The Neuronal Basis of Mental Flexibility

Humans and animals must constantly adapt to new situations – life without flexibility would be almost inconceivable. In his ERC Consolidator Grant “Flexible Dimensionality of Representational Spaces in Category Learning”, or DimLearn for short, Professor Caspar Schwiedrzik is investigating how this ability emerges in the brain.

The project focuses on so-called categorical learning. This form of learning enables living beings to group different stimuli into categories. Important for this is the prefrontal cortex, which is generally assumed to be the seat of higher cognitive functions.

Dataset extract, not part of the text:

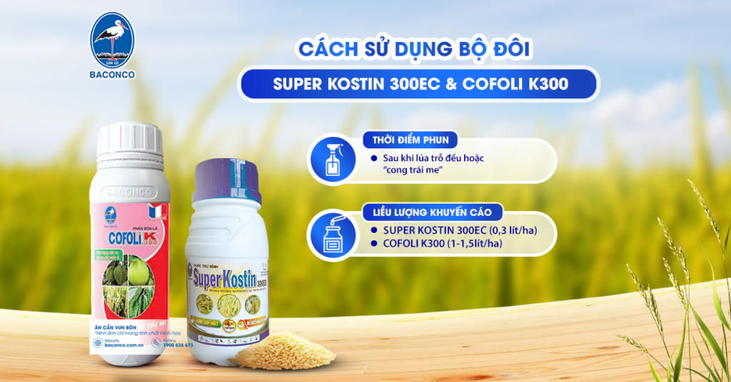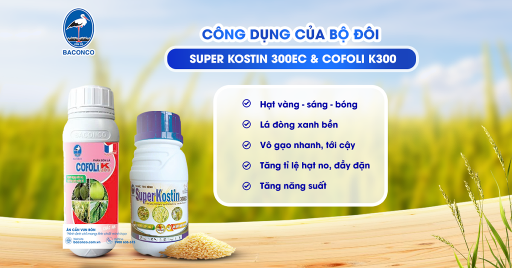 The combination of SUPER KOSTIN 300EC and COFOLI K300 offers outstanding benefits, helping to optimize yield and improve rice quality during the ripening stage. Here are 5 key benefits when using this product duo from BACONCO:
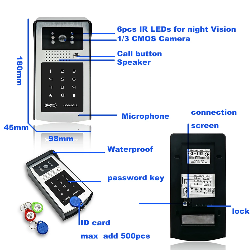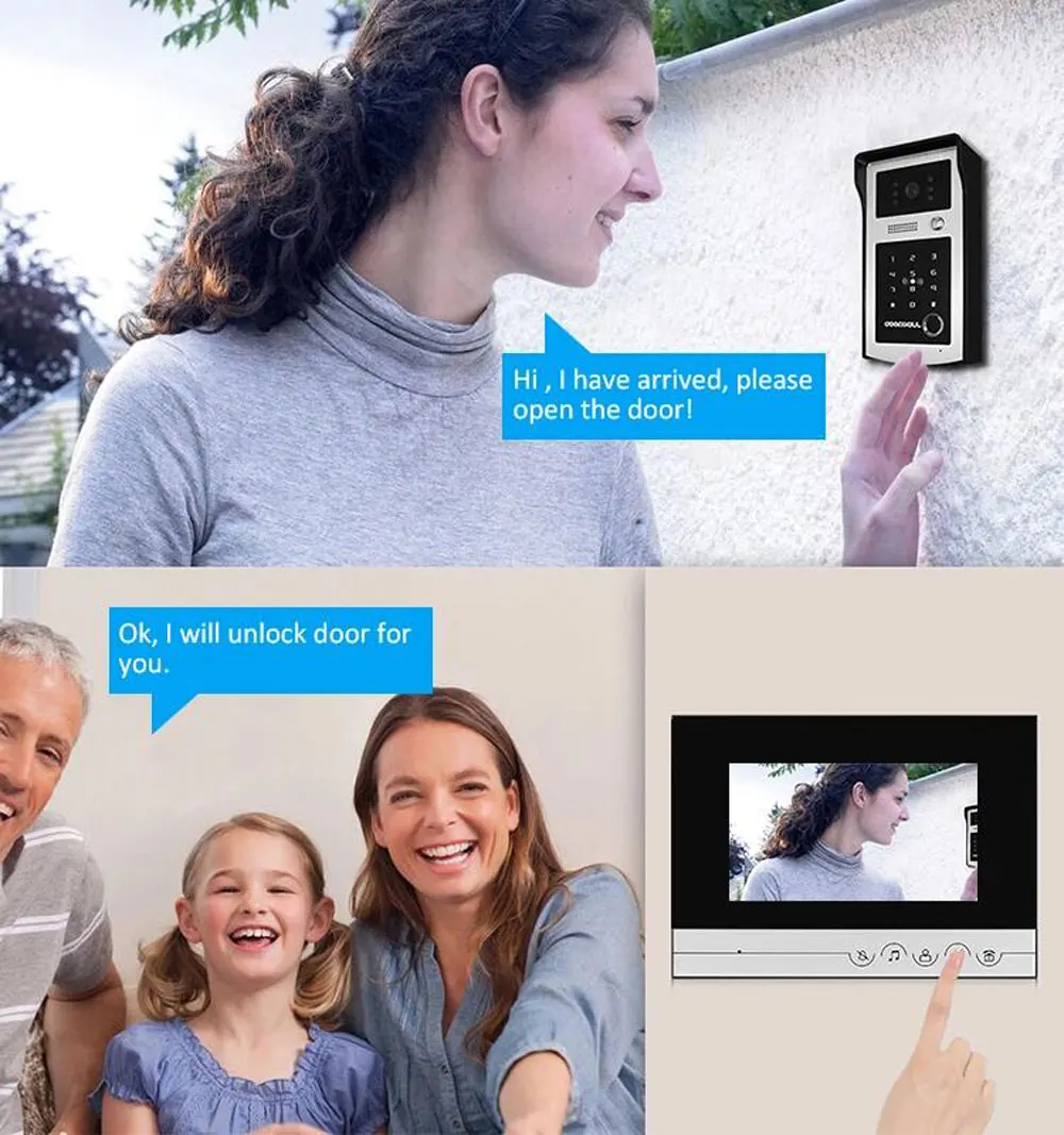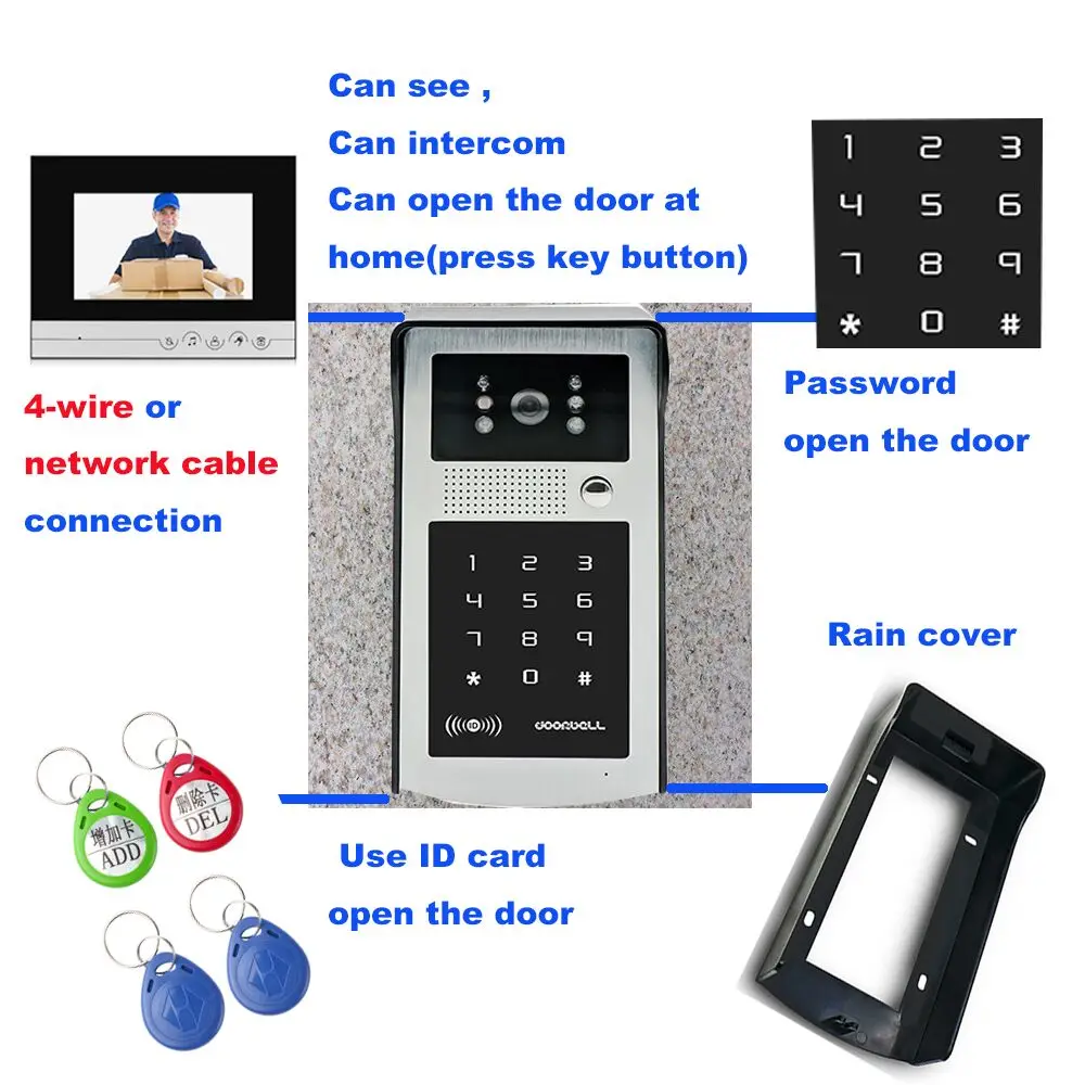 Проводной 7 "видео телефон двери дверной звонок видеодомофон домашняя система безопасности + ИК RFID код клавиатуры камеры

However, recent data suggests that other parts of the brain may also be involved in categorical learning. Caspar Schwiedrzik’s team is investigating this hypothesis. Schwiedrzik is interested in the question of how flexible our thoughts and our perception are and what the neuronal basis for such flexibility is.

The psychologist conducts research with humans, animals and computer models. First, all three learn a visual task. “It’s like when radiologists first have to distinguish benign from malignant tumors on a person’s X-ray image,” Schwiedrzik compares. A new task is then learned based on the same visual information. “For radiologists, for example, this would mean having to examine calcifications instead of tumors,” says the researcher.

Another special feature of this project is the combination of studies on humans and animals and the transfer of data into computer models. In humans, magnetic resonance imaging is used to investigate which areas of the brain are involved in different learning tasks and how flexibly brain activity changes in the course of learning and during new tasks. However, detailed investigations into the activity of individual nerve cells are not possible in humans. This is where laboratory animals come into play. The animals learn the same tasks as the human test subjects, but here the activity of individual nerve cells is also measured using microelectrodes. “This is necessary not only to find out where learning processes take place in the brain, but also to understand which neuronal building blocks have to interact to enable these learning processes,” says Caspar Schwiedrzik. Computer models are then used to link the experimental data with various learning theories and to simulate new data. In this way, a large number of experiments can be carried out on the computer instead of in the laboratory.

The DimLearn project will start in spring 2025 and is being funded with around 2 million euros. It is a collaborative project with the German Primate Center – Leibniz Institute for Primate Research.